The place to go for readers' advisory on books for children, teens, and adults

In the Shadow of Blackbirds by Cat Winters April 20, 2014

Shadow of BlackbirdsThe year is 1918. The county is at war both overseas and at home. The boys are fighting in the trenches in Europe and the citizens on the homefront are battling the deadly Spanish influenza. After her father is taken away to jail for  traitorous talk, sixteen-year-old Mary Shelley Black heads to San Francisco to stay with her aunt. What she finds is an atmosphere of fear, with faces covered in gauze masks and home remedies mean everyone reeks of onions and garlic. Mary Shelley seeks out news of her sweetheart, away at war, to find his brother running a bustling spirit photography business. She doesn’t believe in ghosts, until after an accident, she finds one in her bedroom. Will her skepticism about capturing the spirits of loved ones on film be overpowered by her desire to know the truth about her beloved Stephen?

While this story took place in a time period I enjoy and it piqued my interest about the devastation of influenza in the United States, I didn’t love this book. It was nominated for 2014 Teens’ Top Ten award, so it appears I’m in the minority. I could see this well-researched, historically accurate story paired nicely with some nonfiction titles about the era for teens.

3 out of 5 stars


Hold Me Closer, Necromancer by Lish McBride June 28, 2011

Sam, officially Samhain Corvus LaCroix, is a college-dropout turned fry cook at Plumpy’s.  After a break-time game of potato hockey ending in a broken taillight, he gets his first look at Douglas Montgomery.  After being attacked in the Plumpy’s parking lot, he gets his second look.  You see, like Douglas, Sam is a necromancer.  Douglas is powerful and evil; Sam is clueless about his paranormal powers.  Suddenly, Sam has to deal with Douglas’s basement, a hot werewolf girl, and Ashley the Harbinger.  Sam is about to get a lesson in necromancy.

Have you been looking for the next Twilight?  Perhaps a tale of teenagers with paranormal powers… that’s well written and clever?  Look no more.  Sam has a smart mouth, good friends, and a powerful enemy.  Will he figure out what powers he has and how to use them to save the day before it’s too late?  Includes an ending that could nicely segue into a sequel.

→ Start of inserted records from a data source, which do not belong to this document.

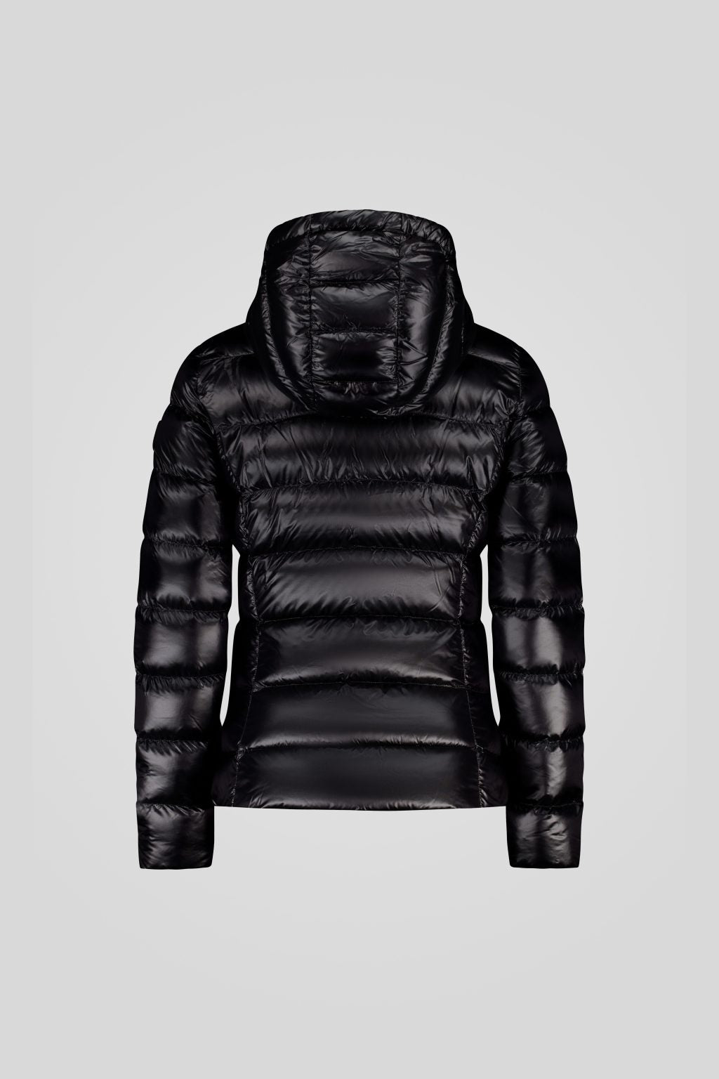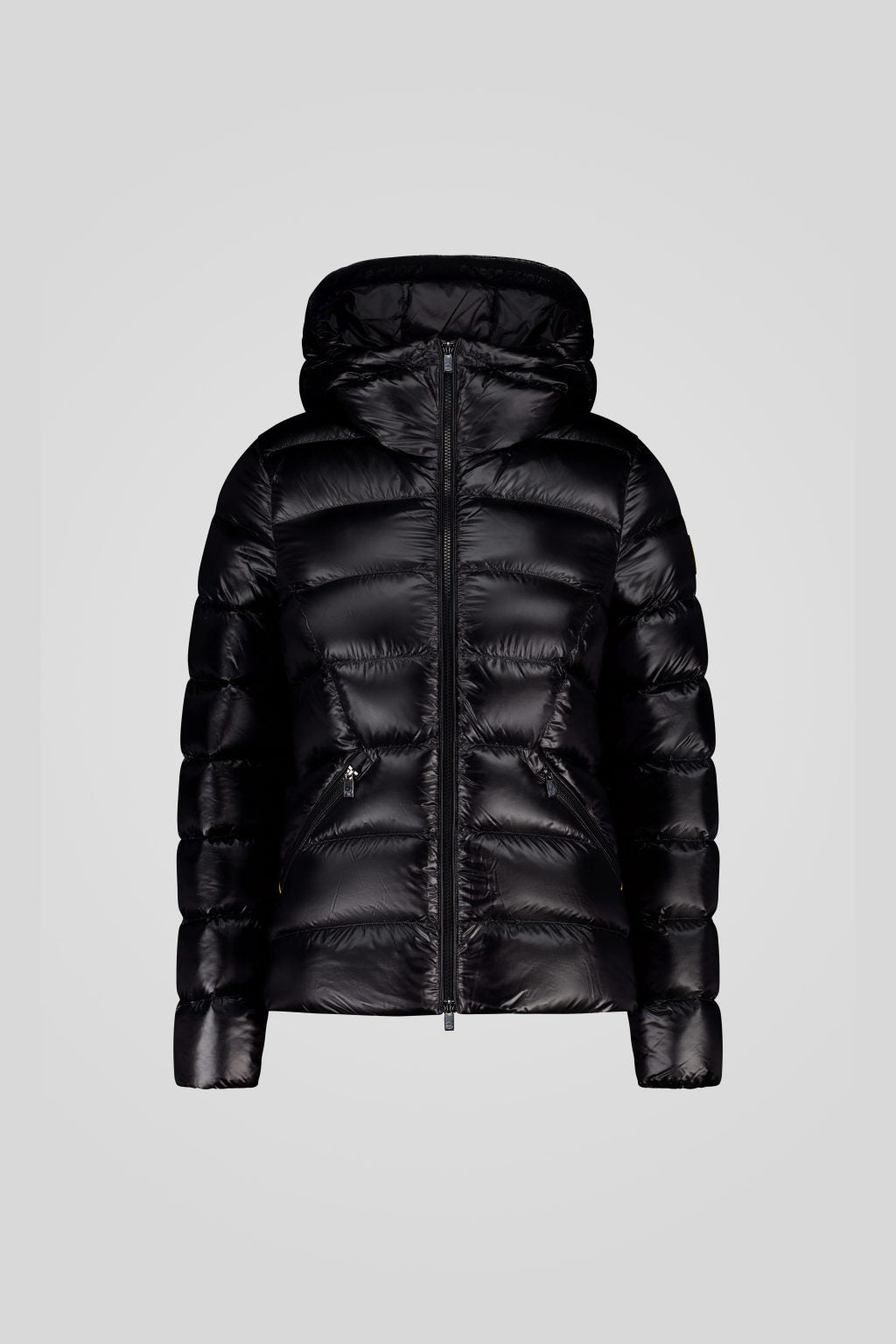 Piumino nero 200 grammi da donna con cappuccio fisso, realizzato in tessuto microripstop lucido a trama nera e imbottito con vera piuma certificata 800 fill power, sinonimo di massima leggerezza e alto isolamento termico.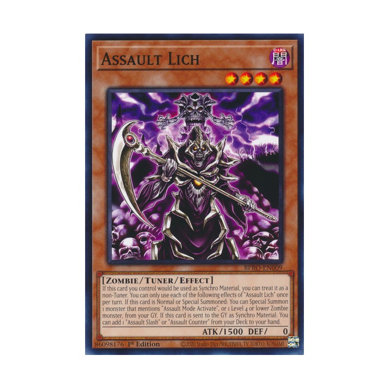 Texto (EN): If this card you control would be used as Synchro Material, you can treat it as a non-Tuner. You can only use each of the following effects of "Assault Lich" once per turn. If this card is Normal or Special Summoned: You can Special Summon 1 monster that mentions "Assault Mode Activate", or 1 Level 4 or lower Zombie monster, from your GY. If this card is sent to the GY as Synchro Material: You can add 1 "Assault Slash" or "Assault Counter" from your Deck to your hand.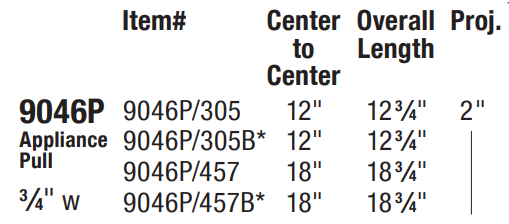 9046P/305 12" (305mm) cc., 12-3/4" oa., 3/4" width, 2" proj.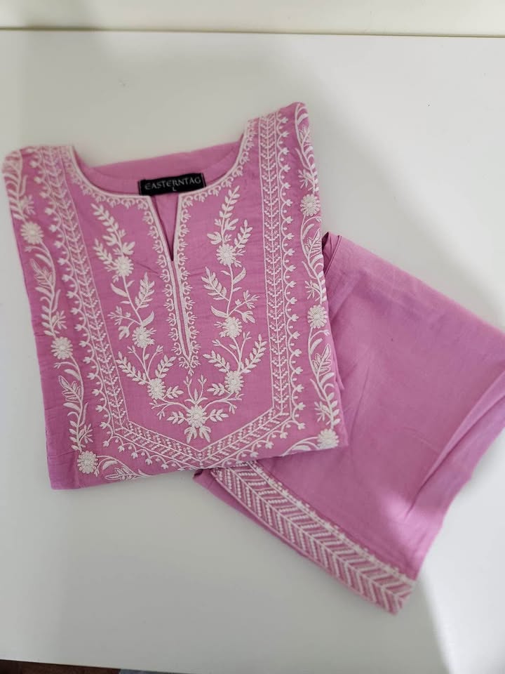 2pcs beautiful suits with embroidery or lace work. Size Available medium and large. Price:$40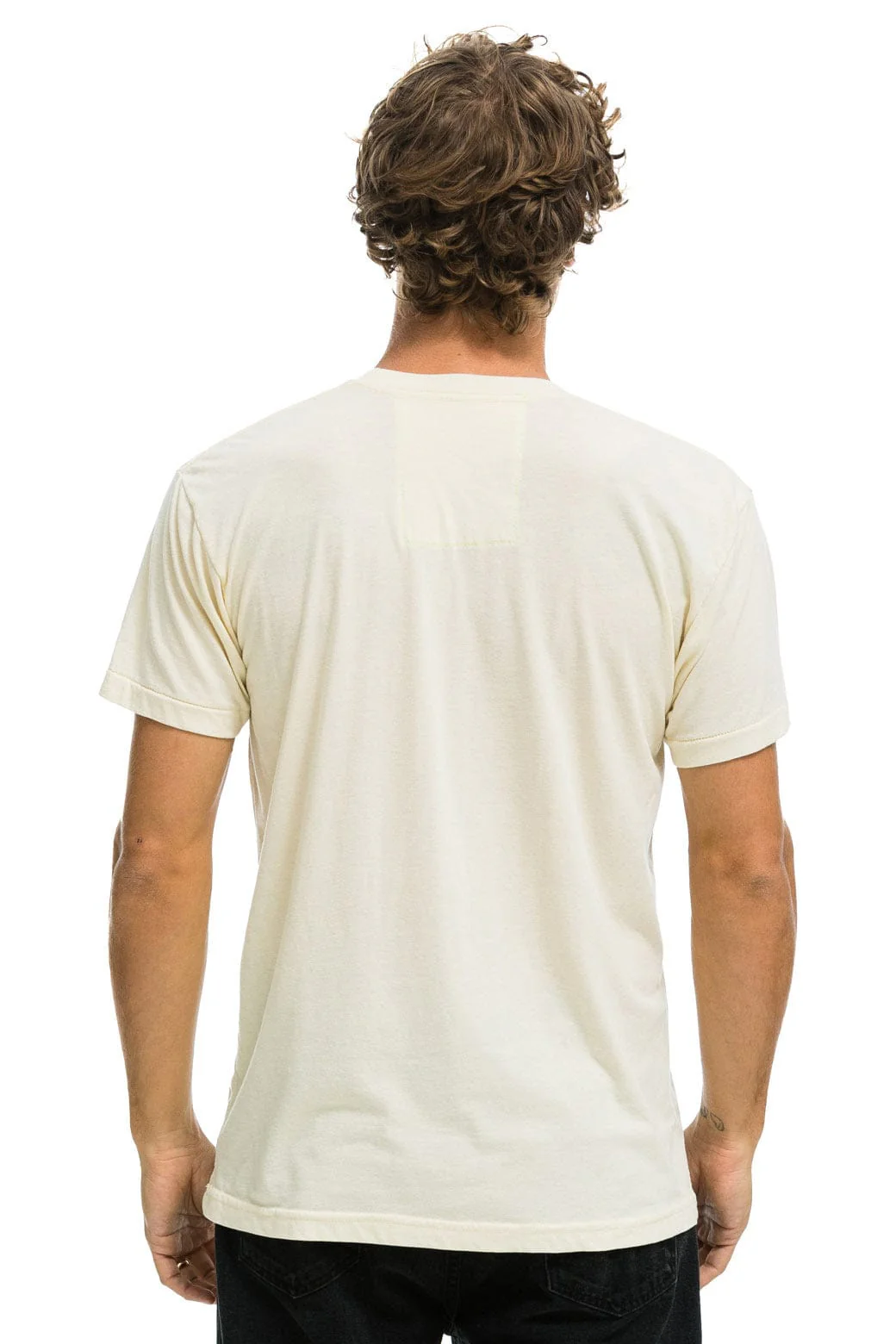 All of our products go through an intense breaking-down process that gives them a vintage feel you'll love because it's broken in from day one of wearing it. You're going to live in this tee.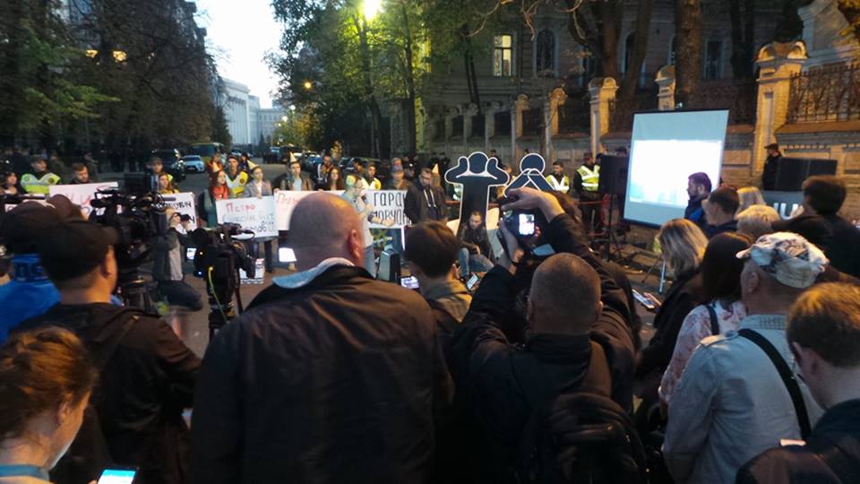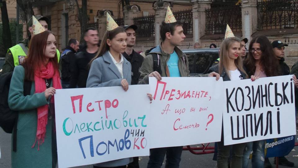 На вулиці Банковій, біля Адміністрації президента відбулася акція з нагоди дня народження проекту журналістських-розслідувачів BIHUS-info, які опублікували матеріал про заступника глави СЗР Сергія Семочка.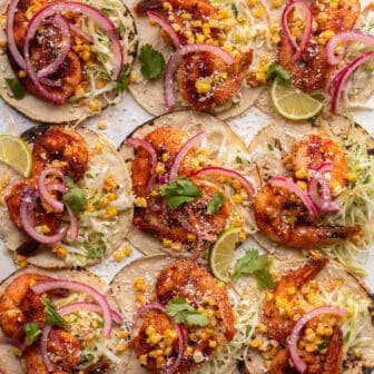 These roasted shrimp tacos are a weeknight favorite! Easy smoky shrimp roasted with corn, served with a crisp and refreshing lime slaw. Delicious! I...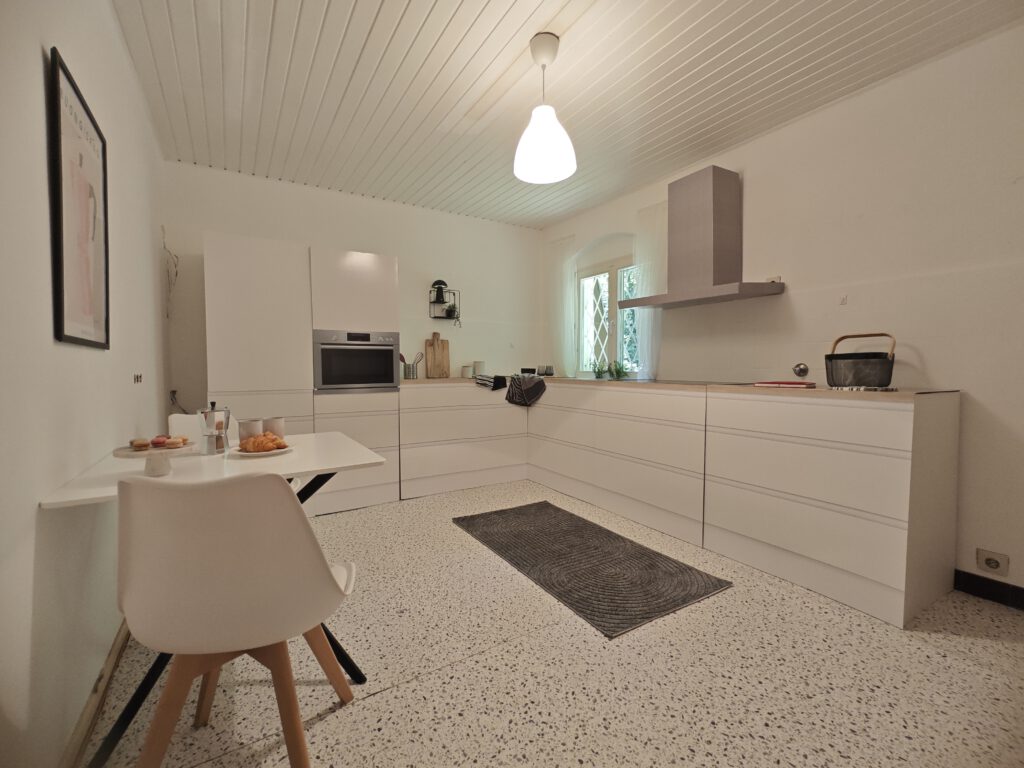 Durch die Haustür betreten Sie die Eingangshalle, links daneben befindet sich das Kaminzimmer. Die Fußböden hier sind mit Travertin und mit Fußbodenheizung ausgestattet. Daneben liegt die gemütliche Küche mit Vorratskammer.
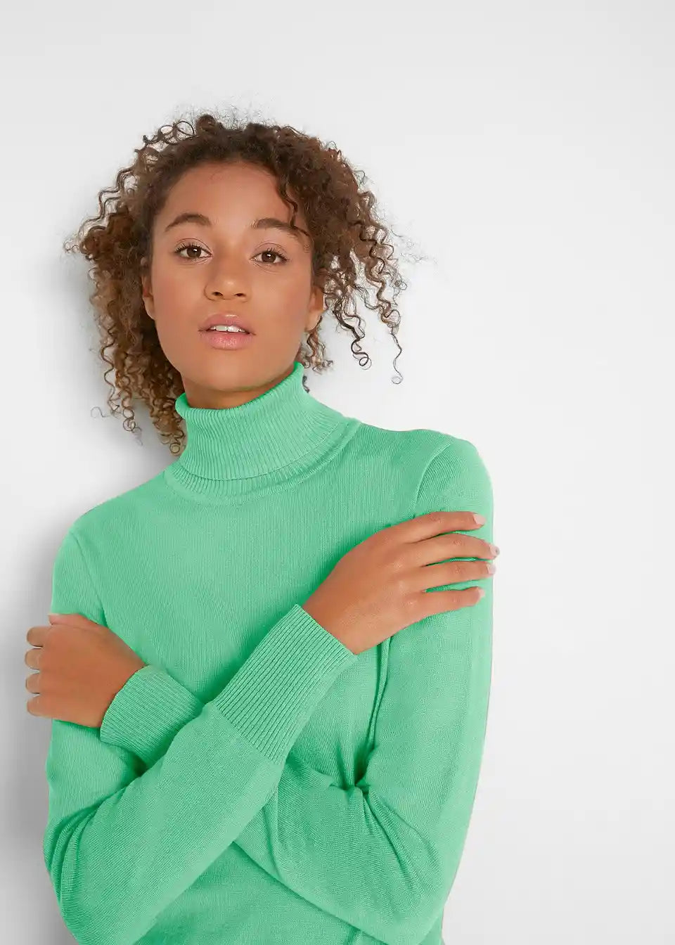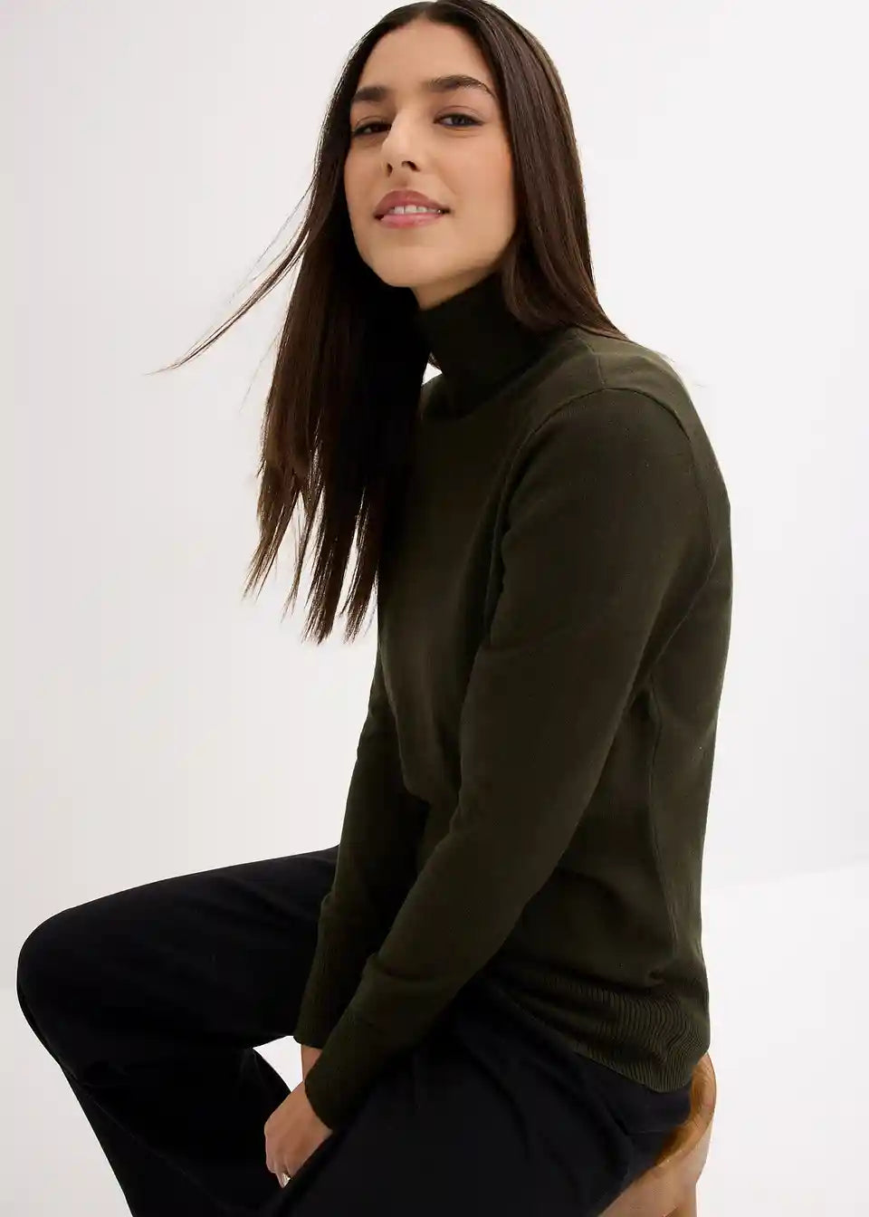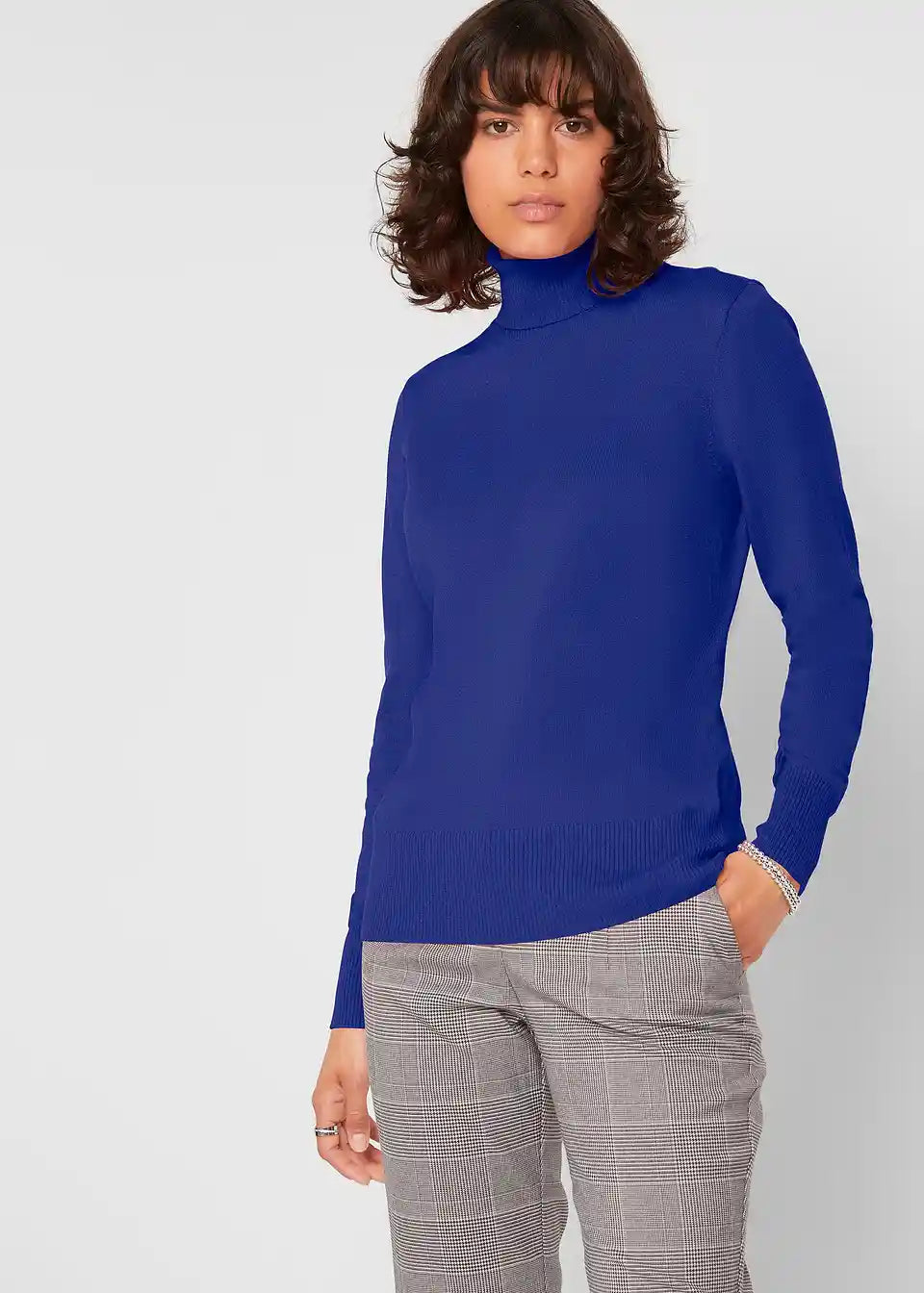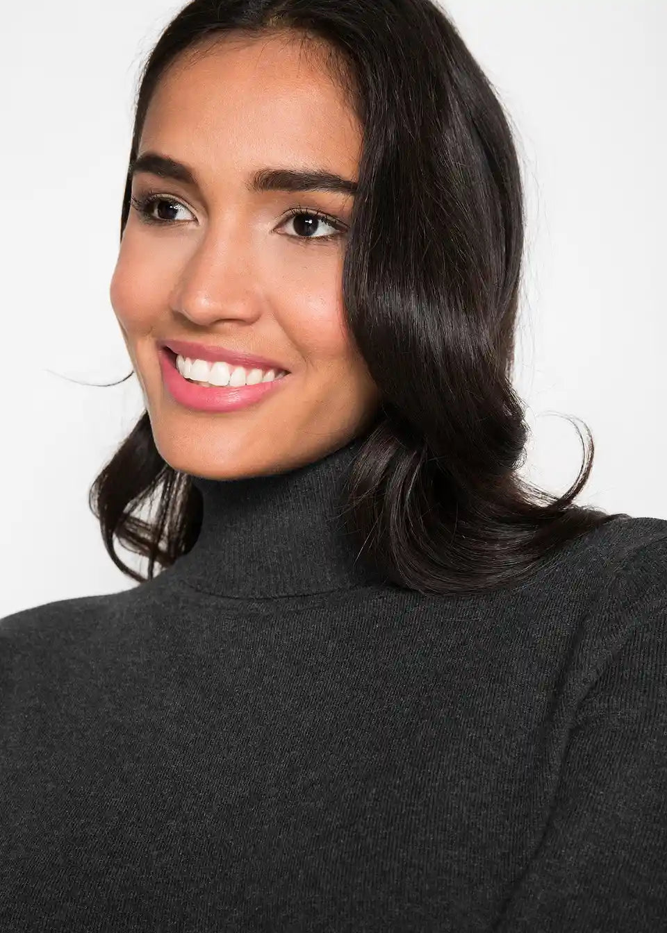 Visok roll ovratnik daje temu puloverju od znamke bpc ležeren videz. Lahka tanka pletena kakovost poskrbi, da je pulover posebno prijeten na dotik in oblikovno obstojen. Široki robovi na obrobju in rokavih poudarjajo sproščen izgled. Ta preprost osnovni kos je videti odlično tako s slim hlačami kot z udobnimi krili. Raznolike možnosti kombiniranja naredijo ta pulover z roll ovratnikom pravi najljubši kos.

William C. Morris Debut Award finalist


The Graveyard Book by Neil Gaiman March 4, 2011

A baby wanders out the open front door, away from his family that has just been murdered in their home.  He toddles into an old, abandoned graveyard, away from the killer.  A dark, shadowy figure keeps the killer away; the wispy figures the graveyard vote to keep the baby there, safe from harm.  And so Nobody Owens grows up in the graveyard and spent his days learning about history from those who were there and ghostly skills like Fading and Dreamwalking.  As he gets older, he learns lessons about the dangers of the outside, specifically the killer who continues to search for the boy who got away.

An interesting tale of a boy raised by ghosts in a graveyard.  There are a few spooky parts, but overall the story is endearing; the ghosts love and protect Bod as their own child.  Highly recommended for upper elementary or middle school.  Good book for boys.

Newbery Medal Winner


The Lovely Bones by Alice Sebold November 9, 2010

Susie Salmon is in heaven.  She is watching life on Earth continuing on without her after she was raped and murdered at age 14.  Everything in Susie’s heaven is things she dreamed about and desired while she was alive, but the only thing Susie really wants is to live.  So she does the next best thing, she watches everyone she cares about on Earth and sees them grieving, changing, growing, and healing.  Susie watches and waits.  Will her father recover from his deep, encompassing grief?  Will her little brother grasp the concept of “gone forever”?  Will the police capture her killer?


Twilight: The Mediator by Meg Cabot

Suze Simon is a normal teenage girl… kind of.  She goes to school, is embarrassed by her parents, and gets excited about dances.  The only thing different about Suze is that she’s a mediator.  She can communicate with the dead and see ghosts.  She’s not alone; her classmate Paul is also a mediator, but he always seems to be doing more harm than good.  And then there’s Jesse- Suze’s boyfriend.  There’s just one catch- Jesse is a ghost of a man that was killed in the 1800s.  Everything is going as normal as it goes for a mediator until Paul makes a threat to do something that Suze couldn’t even imagine.  Paul find out that he can travel back in time and change things in the past.  Things like Jesse being killed.  Which would mean that Suze and Jesse would have never met.  Suddenly, Suze has to decide – does she allow the man she loves to have the life he’s always longed for or keep him anchored forever in half-life at her side.